**EXERCISE:** For this exercise, return only the lines in the records below from the one holding "Вишитий браслет (2" through the one holding "Небольшая выставка в", including both, exactly as they appear and without pictures.

== SUPPLIED RECORDS ==

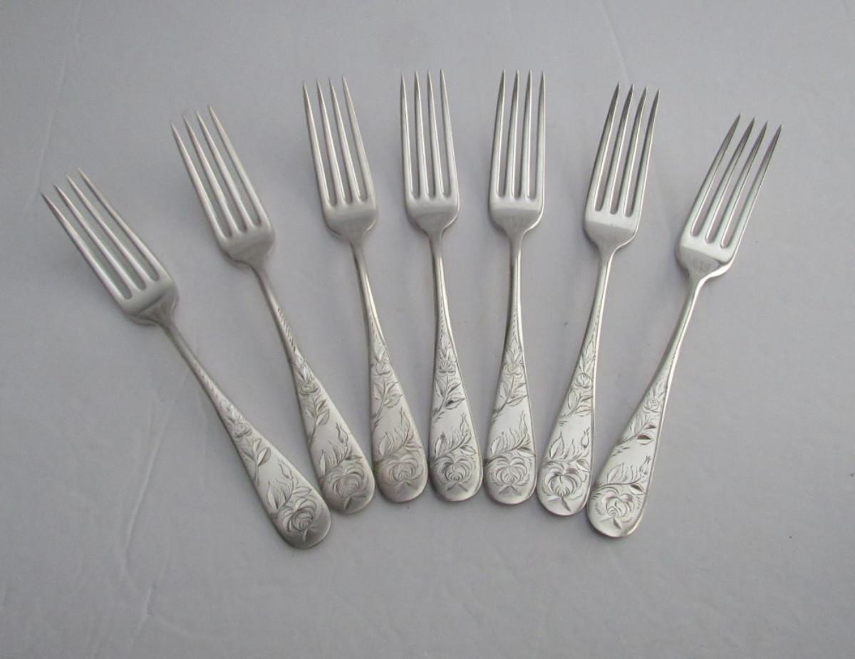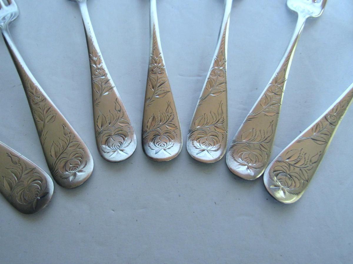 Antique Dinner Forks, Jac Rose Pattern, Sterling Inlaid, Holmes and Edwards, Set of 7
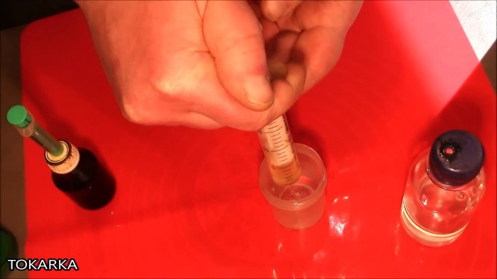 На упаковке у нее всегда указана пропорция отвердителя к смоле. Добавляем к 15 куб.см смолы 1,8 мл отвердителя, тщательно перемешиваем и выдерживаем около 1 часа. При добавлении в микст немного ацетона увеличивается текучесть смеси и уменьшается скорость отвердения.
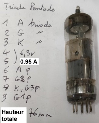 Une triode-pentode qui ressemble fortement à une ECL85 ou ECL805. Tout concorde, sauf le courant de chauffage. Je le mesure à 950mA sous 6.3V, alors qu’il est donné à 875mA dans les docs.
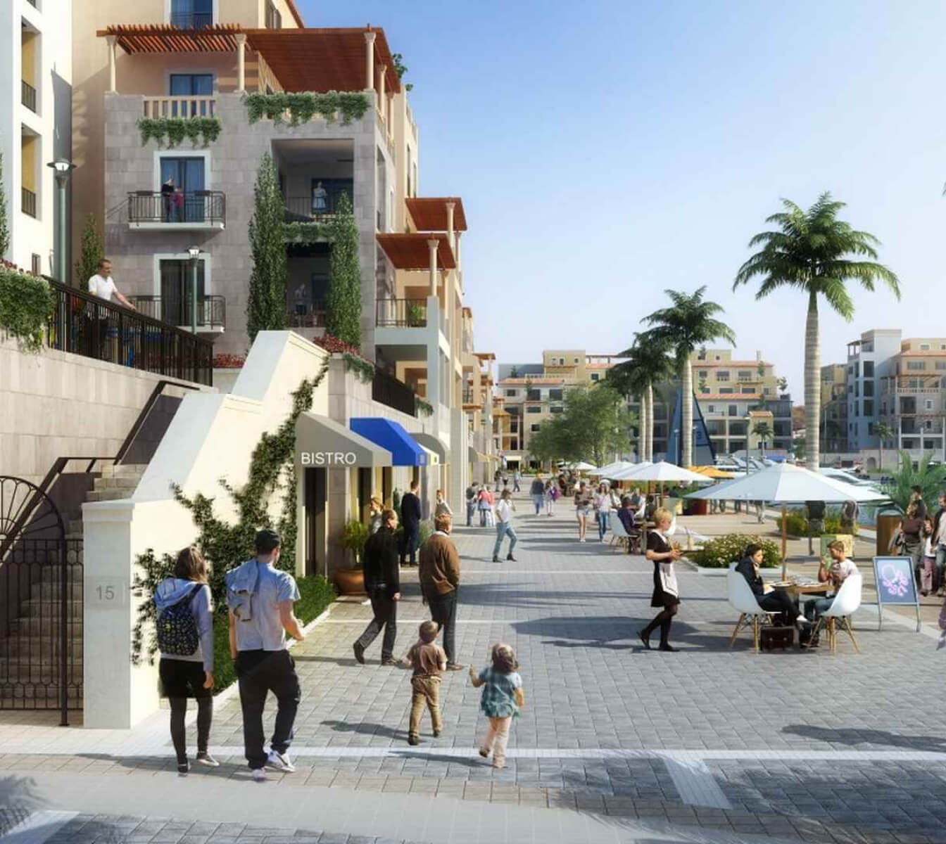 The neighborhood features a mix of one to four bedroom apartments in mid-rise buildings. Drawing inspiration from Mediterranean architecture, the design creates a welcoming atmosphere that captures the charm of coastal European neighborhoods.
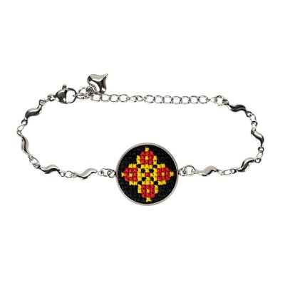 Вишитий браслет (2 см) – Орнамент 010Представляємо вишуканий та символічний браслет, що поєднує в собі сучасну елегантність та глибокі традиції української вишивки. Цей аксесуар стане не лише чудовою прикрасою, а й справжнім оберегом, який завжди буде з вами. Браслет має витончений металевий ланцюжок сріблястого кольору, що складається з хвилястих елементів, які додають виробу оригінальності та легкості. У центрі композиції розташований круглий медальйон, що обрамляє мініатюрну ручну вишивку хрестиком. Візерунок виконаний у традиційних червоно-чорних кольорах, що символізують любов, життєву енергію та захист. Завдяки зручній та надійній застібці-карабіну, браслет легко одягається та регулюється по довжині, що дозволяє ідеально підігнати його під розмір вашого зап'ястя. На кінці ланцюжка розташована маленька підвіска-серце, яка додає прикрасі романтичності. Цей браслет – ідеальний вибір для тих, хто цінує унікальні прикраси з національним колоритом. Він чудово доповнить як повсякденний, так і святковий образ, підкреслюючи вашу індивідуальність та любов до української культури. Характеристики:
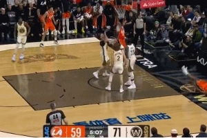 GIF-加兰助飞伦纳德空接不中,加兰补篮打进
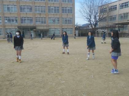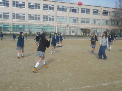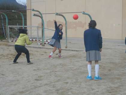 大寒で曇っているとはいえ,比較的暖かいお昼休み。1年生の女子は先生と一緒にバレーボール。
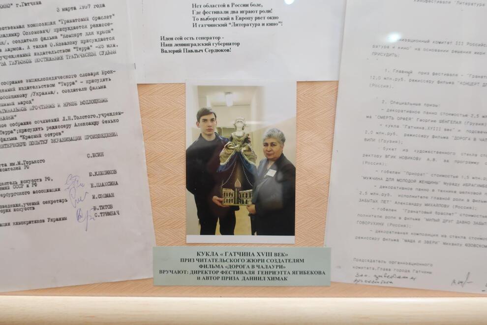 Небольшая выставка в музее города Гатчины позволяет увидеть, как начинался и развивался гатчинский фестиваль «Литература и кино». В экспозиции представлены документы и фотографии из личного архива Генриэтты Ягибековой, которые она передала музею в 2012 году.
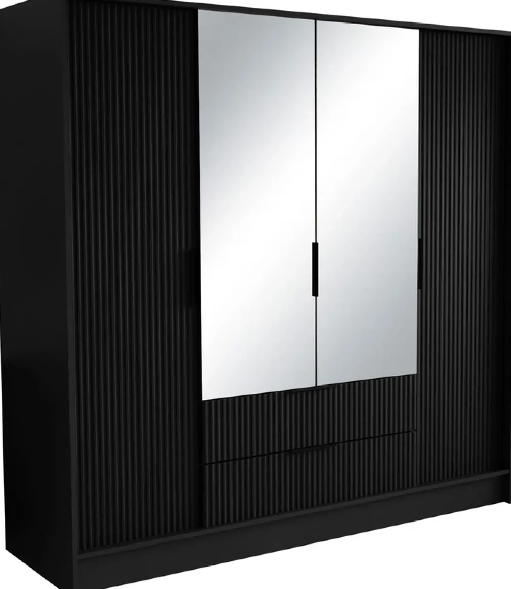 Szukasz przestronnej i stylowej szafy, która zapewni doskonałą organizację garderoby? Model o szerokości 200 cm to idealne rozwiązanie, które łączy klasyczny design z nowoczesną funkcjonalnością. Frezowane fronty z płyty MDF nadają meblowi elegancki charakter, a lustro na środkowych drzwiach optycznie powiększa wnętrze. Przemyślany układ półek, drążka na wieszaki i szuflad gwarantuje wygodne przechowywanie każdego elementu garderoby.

===
== SUPPLIED RECORDS ==

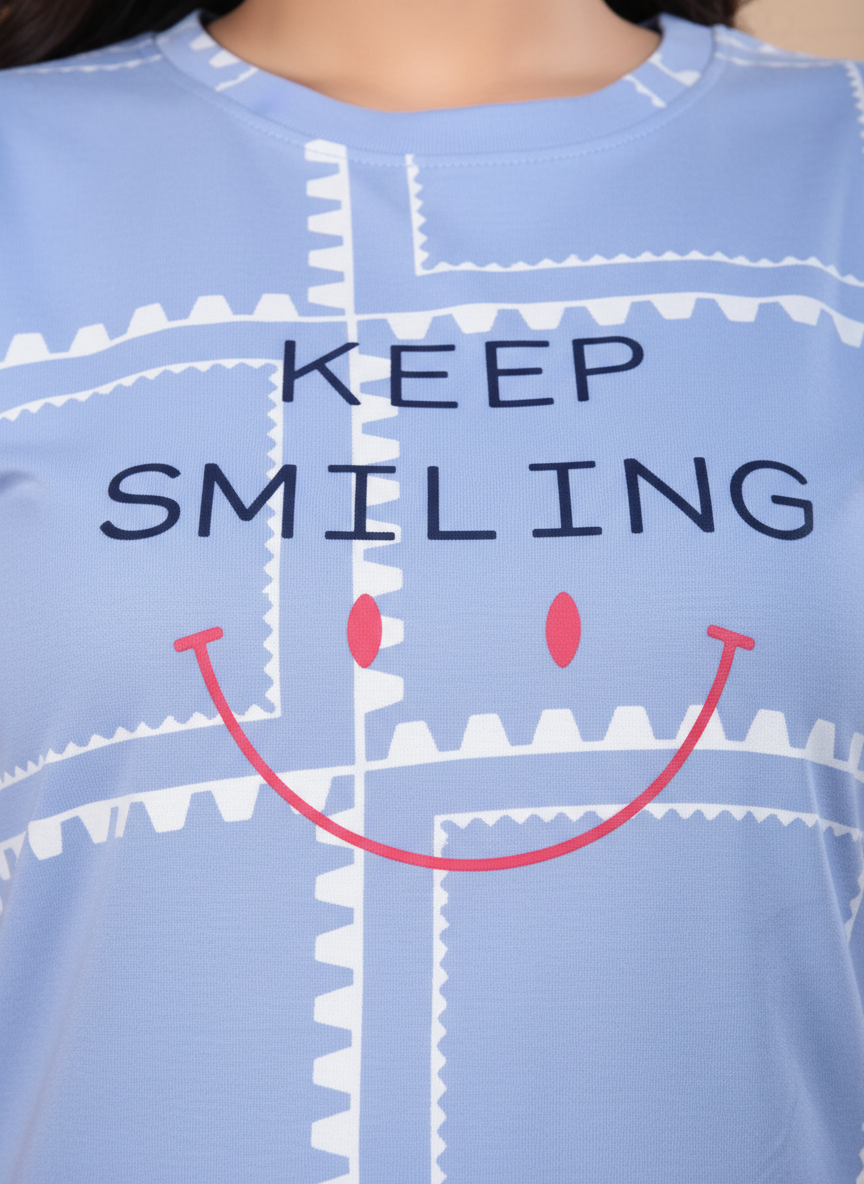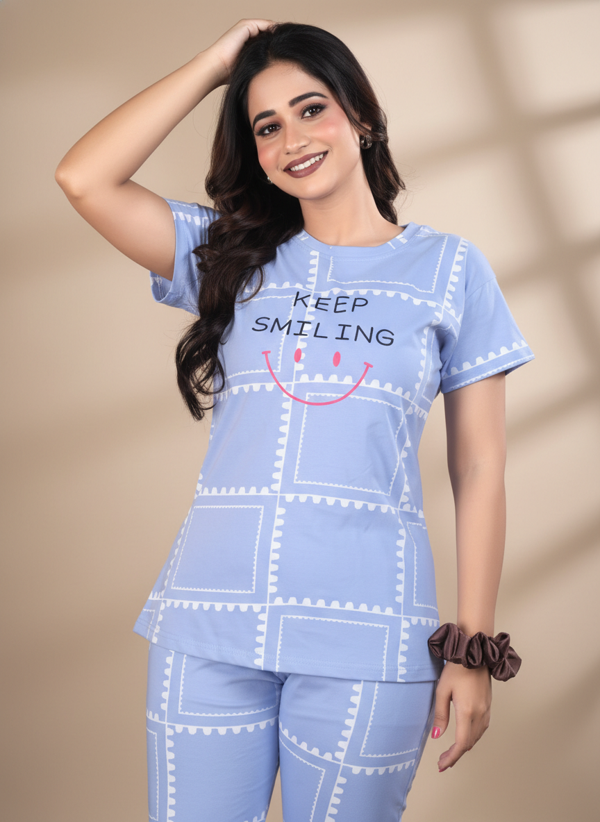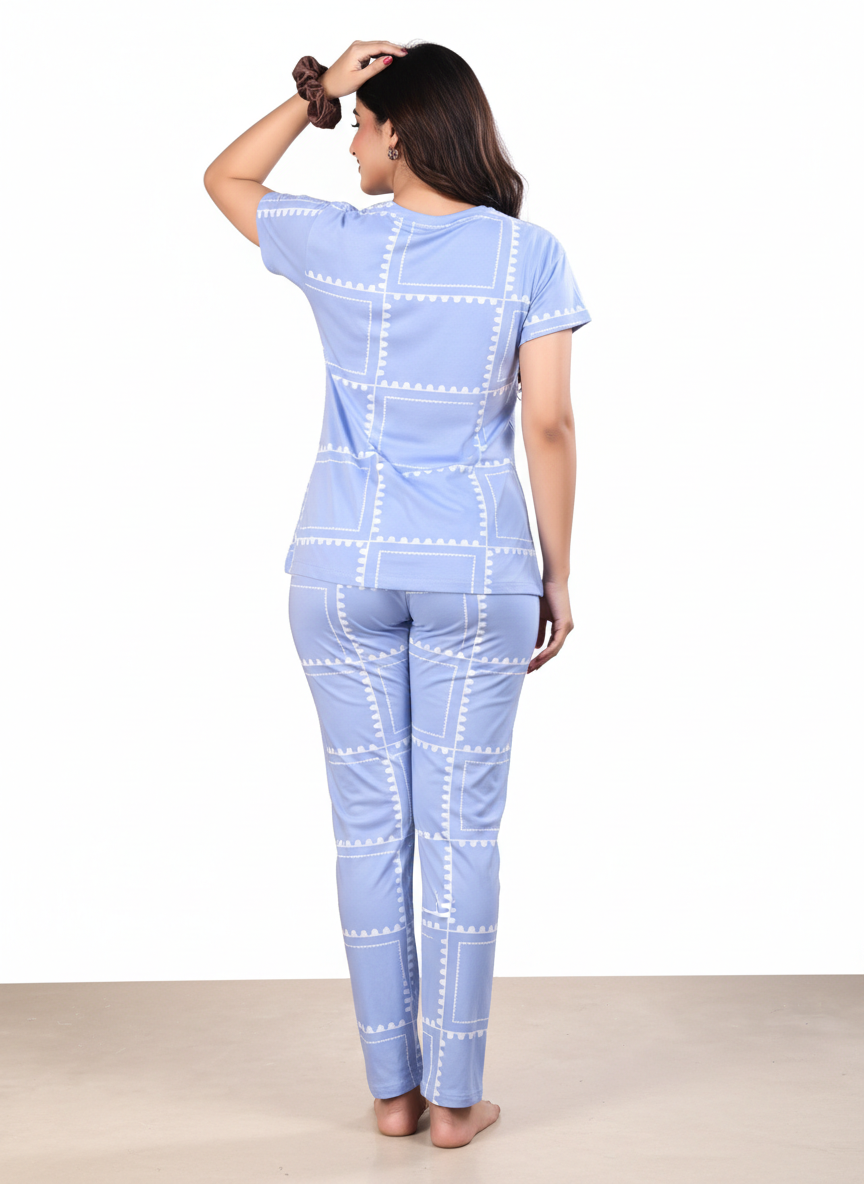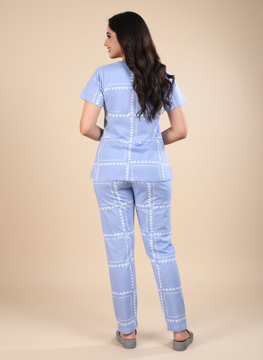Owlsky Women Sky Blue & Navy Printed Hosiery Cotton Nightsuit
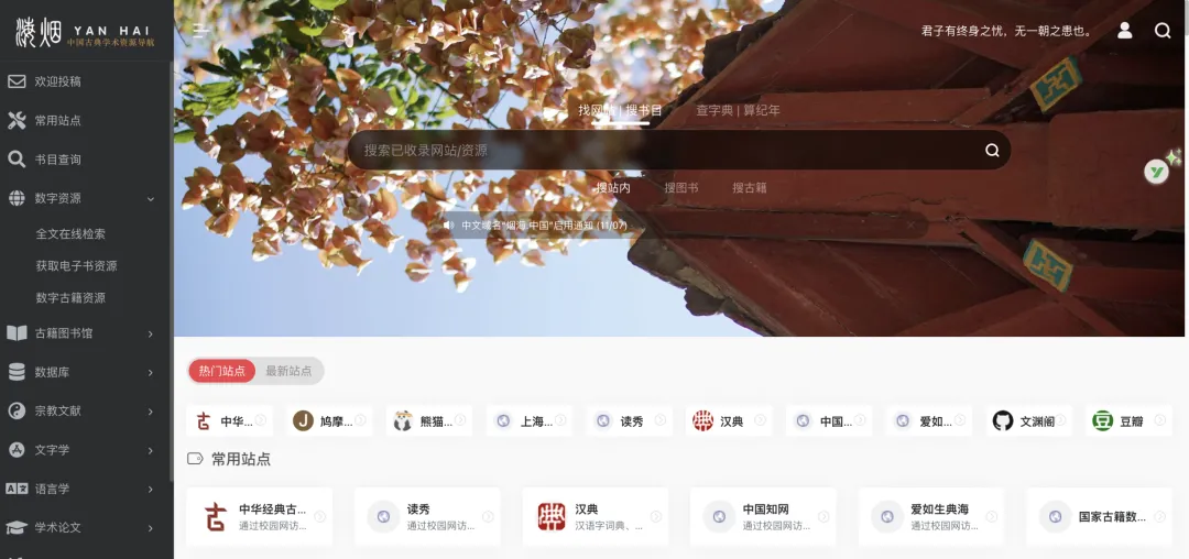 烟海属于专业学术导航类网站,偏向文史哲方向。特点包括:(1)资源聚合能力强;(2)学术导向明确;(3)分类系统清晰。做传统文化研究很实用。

===

**SOLVED EXERCISE:**
 Вишитий браслет (2 см) – Орнамент 010Представляємо вишуканий та символічний браслет, що поєднує в собі сучасну елегантність та глибокі традиції української вишивки. Цей аксесуар стане не лише чудовою прикрасою, а й справжнім оберегом, який завжди буде з вами. Браслет має витончений металевий ланцюжок сріблястого кольору, що складається з хвилястих елементів, які додають виробу оригінальності та легкості. У центрі композиції розташований круглий медальйон, що обрамляє мініатюрну ручну вишивку хрестиком. Візерунок виконаний у традиційних червоно-чорних кольорах, що символізують любов, життєву енергію та захист. Завдяки зручній та надійній застібці-карабіну, браслет легко одягається та регулюється по довжині, що дозволяє ідеально підігнати його під розмір вашого зап'ястя. На кінці ланцюжка розташована маленька підвіска-серце, яка додає прикрасі романтичності. Цей браслет – ідеальний вибір для тих, хто цінує унікальні прикраси з національним колоритом. Він чудово доповнить як повсякденний, так і святковий образ, підкреслюючи вашу індивідуальність та любов до української культури. Характеристики:
 GIF-加兰助飞伦纳德空接不中,加兰补篮打进
 大寒で曇っているとはいえ,比較的暖かいお昼休み。1年生の女子は先生と一緒にバレーボール。
 Небольшая выставка в музее города Гатчины позволяет увидеть, как начинался и развивался гатчинский фестиваль «Литература и кино». В экспозиции представлены документы и фотографии из личного архива Генриэтты Ягибековой, которые она передала музею в 2012 году.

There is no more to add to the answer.